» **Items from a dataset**
# # # # #
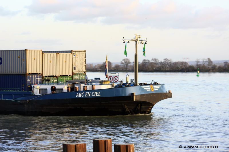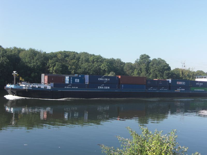 je vous joins deux photos de l ARC EN CIEL montant a conflans avec une barge,impressionnant!!!
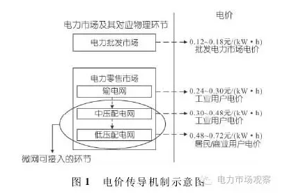 從經(jīng)濟(jì)角度看,微網(wǎng)的收益是通過整合經(jīng)濟(jì)高效的分布式發(fā)電資源以實(shí)現(xiàn)微網(wǎng)內(nèi)部用戶和發(fā)電主體的直接購售電交易,即“就地生產(chǎn)、就地消納”的購售電模式來實(shí)現(xiàn)的,微網(wǎng)的收益來源于系統(tǒng)內(nèi)外部電價(jià)的差額,見圖1。
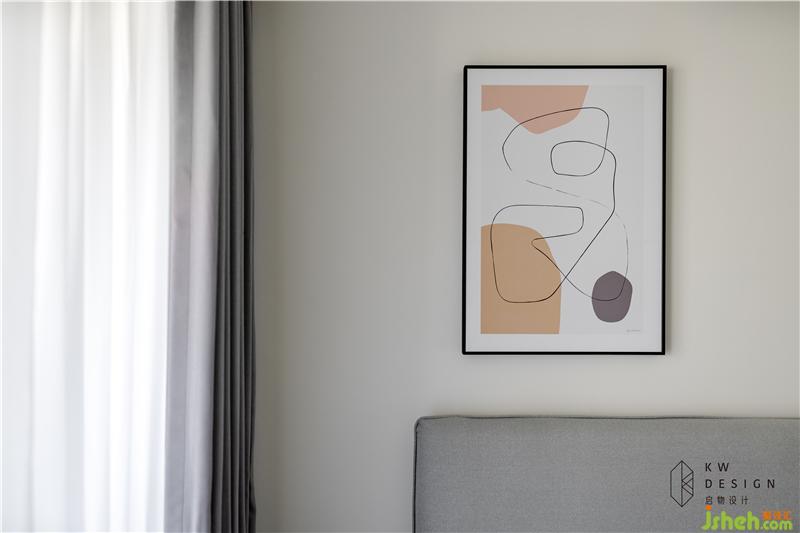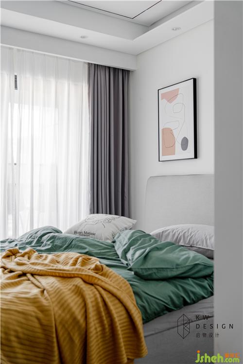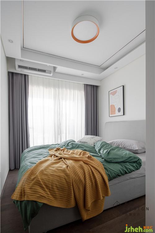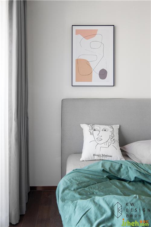 以灰色系打造素雅基调,利用床品增加色彩,营造简约清新的舒适空间。
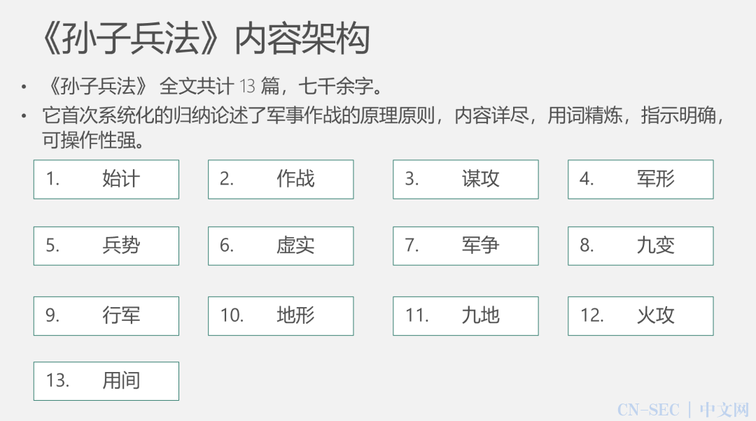 先看一下《孙子兵法》的内容架构。《孙子兵法》 全文共计十三篇,七千余字,它首次系统化的归纳论述了军事作战的原理原则,内容详尽,用词精炼,而且指示明确,可操作性强。
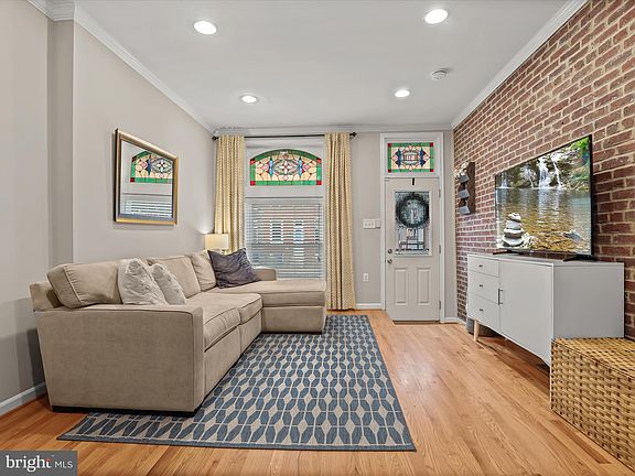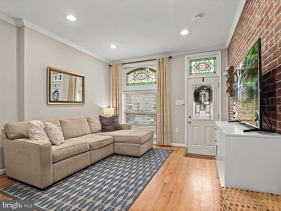 Discover this highly sought-after Canton colonial, perfectly situated within walking distance to Patterson Park, shopping at Canton Crossing, harbor access at Anchorage Marina, and a variety of dining options. Step into this charming brick and stained glass row home and experience an open floor plan featuring crown molding, custom blinds, a brick accent wall, and gorgeous hardwood floors. The kitchen boasts ceramic tile flooring, stainless steel appliances, pullout drawers, a center island with a breakfast bar, granite countertops, and access to the spacious fenced-in deck—ideal for entertaining. The primary bedroom suite features a vaulted ceiling, hardwood floors, a brick accent wall, a walk-in shower, and a soaking tub, creating a tranquil atmosphere. An additional bedroom with original hardwood floors that continue from the primary bedroom, and a hall bath complete the upper-level sleeping quarters. The fully finished lower level offers endless possibilities, whether as an additional bedroom, an office, or a media center for enjoying your favorite films. Major commuter routes include I-395, I-83, and I-95, providing easy travel access. Don't miss this exceptional opportunity in Canton! Updates: New Roof 2024 , New Hot water heater 2018. New Microwave 2024 , Recessed lighting , Ceiling fans
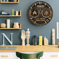 Elevate your clock with a personal touch by incorporating your custom details like name, rank, and years of service. This unique addition commemorates your military experience in a stylish and meaningful way.
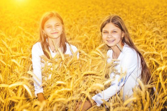 Wallpaper Two smiling girls on the field with wheat
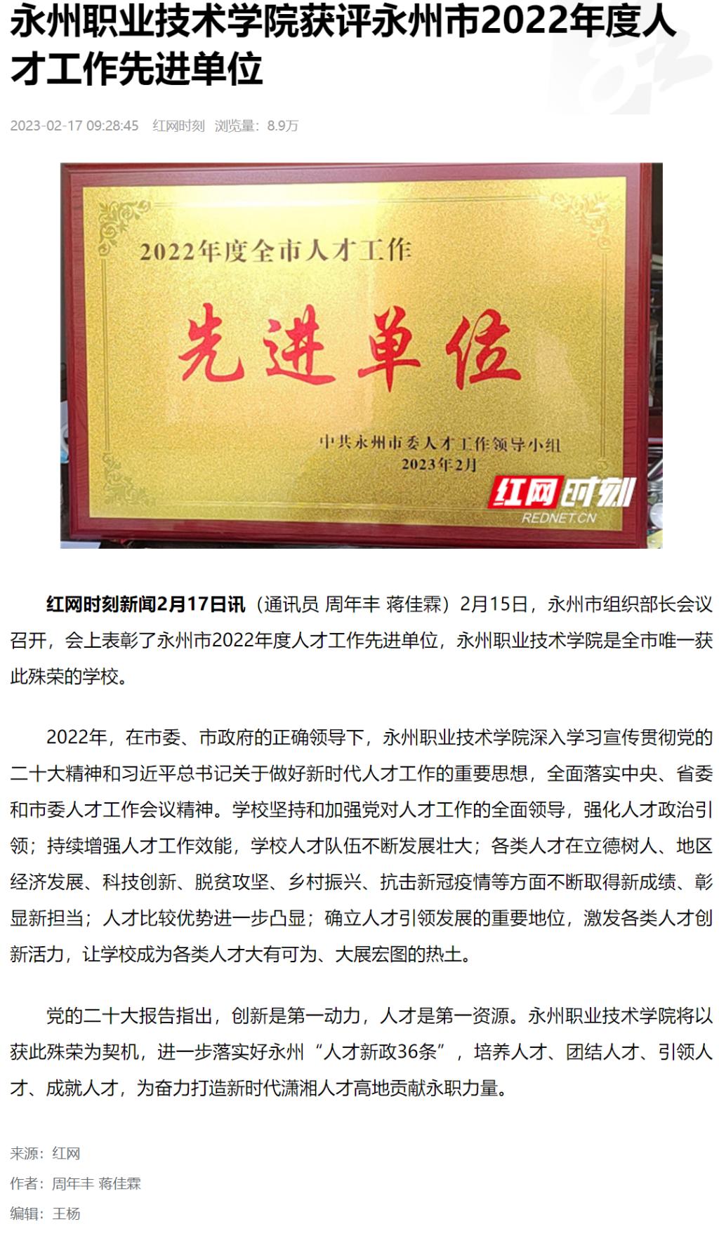 红网时刻新闻2月17日讯(通讯员 周年丰 蒋佳霖)2月15日,永州市组织部长会议召开,会上表彰了永州市2022年度人才工作先进单位,永州职业技术学院是全市唯一获此殊荣的学校。
# # # # #
» **Exercise directions**
Although the entries contain pictures, reproduce only the rest, exactly as written.

» **Exercise solution**
 je vous joins deux photos de l ARC EN CIEL montant a conflans avec une barge,impressionnant!!!
 從經(jīng)濟(jì)角度看,微網(wǎng)的收益是通過整合經(jīng)濟(jì)高效的分布式發(fā)電資源以實(shí)現(xiàn)微網(wǎng)內(nèi)部用戶和發(fā)電主體的直接購售電交易,即“就地生產(chǎn)、就地消納”的購售電模式來實(shí)現(xiàn)的,微網(wǎng)的收益來源于系統(tǒng)內(nèi)外部電價(jià)的差額,見圖1。
 以灰色系打造素雅基调,利用床品增加色彩,营造简约清新的舒适空间。
 先看一下《孙子兵法》的内容架构。《孙子兵法》 全文共计十三篇,七千余字,它首次系统化的归纳论述了军事作战的原理原则,内容详尽,用词精炼,而且指示明确,可操作性强。
 Discover this highly sought-after Canton colonial, perfectly situated within walking distance to Patterson Park, shopping at Canton Crossing, harbor access at Anchorage Marina, and a variety of dining options. Step into this charming brick and stained glass row home and experience an open floor plan featuring crown molding, custom blinds, a brick accent wall, and gorgeous hardwood floors. The kitchen boasts ceramic tile flooring, stainless steel appliances, pullout drawers, a center island with a breakfast bar, granite countertops, and access to the spacious fenced-in deck—ideal for entertaining. The primary bedroom suite features a vaulted ceiling, hardwood floors, a brick accent wall, a walk-in shower, and a soaking tub, creating a tranquil atmosphere. An additional bedroom with original hardwood floors that continue from the primary bedroom, and a hall bath complete the upper-level sleeping quarters. The fully finished lower level offers endless possibilities, whether as an additional bedroom, an office, or a media center for enjoying your favorite films. Major commuter routes include I-395, I-83, and I-95, providing easy travel access. Don't miss this exceptional opportunity in Canton! Updates: New Roof 2024 , New Hot water heater 2018. New Microwave 2024 , Recessed lighting , Ceiling fans
 Elevate your clock with a personal touch by incorporating your custom details like name, rank, and years of service. This unique addition commemorates your military experience in a stylish and meaningful way.
 Wallpaper Two smiling girls on the field with wheat
 红网时刻新闻2月17日讯(通讯员 周年丰 蒋佳霖)2月15日,永州市组织部长会议召开,会上表彰了永州市2022年度人才工作先进单位,永州职业技术学院是全市唯一获此殊荣的学校。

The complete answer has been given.